We think that's the sweet spot for improvement and change without giving kids too many placebo intrathecal injections. You know, these are people's kids, and you're doing lumbar punctures in them. So I think that combination will give us enough time to separate, and we think it would be long enough. I'm sure the FDA would always want a longer study, but I think we're getting close to the one-year point. But I would hope that maybe it's gonna be eight-nine months, would be a reasonable place to show substantial separation and look at Day 254 as kind of a place where you could see a lot of movement in the development of these kids.

Thomas Yip (Research Associate)

Got it. Thank you again for taking our questions.

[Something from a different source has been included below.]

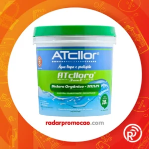 AtCllor, Cloro multifuncional 3 em 1, Orgânico, Concentrado e estabilizado para piscina, Clarifica, Algicida, Decanta, AtClloro, Teor de ativo 36,47%, Granulado, 10 Kg, Verde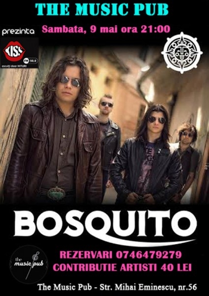 Formaţia românească Bosquito va concerta la Brăila în acest weekend. Braşovenii vor urca pe scena The Music Pub (Strada Mihai Eminescu nr. 56), sâmbătă, 9 mai, pentru un show de zile mari. Evenimentul este programat să înceapă la ora 21:00, iar preţul unui bilet (contribuţie pentru artişti) este de doar 40 de lei. Cei interesaţi de concert pot face rezervări la numărul de telefon: 0746/479.279. Bosquito este o formaţie românească fondată de Radu Almăşan. Trupa combină stilul rock cu cel latino şi cu o gamă largă de alte influenţe precum muzică ţigănească, balcanică, până la elemente simfonice. Între anii 2002 - 2005 trupa s-a bucurat de un real succes, lansând o serie de melodii care au ajuns pe prima poziţie a topurilor din România. Deşi bazele formaţiei au fost puse la sfârşitul anului 1999, membrii acesteia au adoptat ca dată oficială de înfiinţare ziua de 14 februarie 2000. Bosquito înseamnă în prezent: Radu Almăşan (voce, chitară acustică, chitară electrică, muzicuţă), Ciprian Pascal (voce, chitară acustică, chitară electrică, mandolină), Austin Jesse Mitchell (bass, synth, keys), Dorin Ţapu (tobe, chitară acustică, chitară electrică, percuţie).

Emil Kakkis (CEO and President)

Good.

Operator (participant)

Thank you. I'd now like to turn the call back over to Joshua Higa for any closing remarks.

Joshua Higa (VP of Investor Relations)

Thank you. This concludes today's call. If there are any additional questions, please contact us by phone or at [email protected]. Thank you for joining us.

Operator (participant)

Thank you. This concludes today's conference call. Thank you for participating.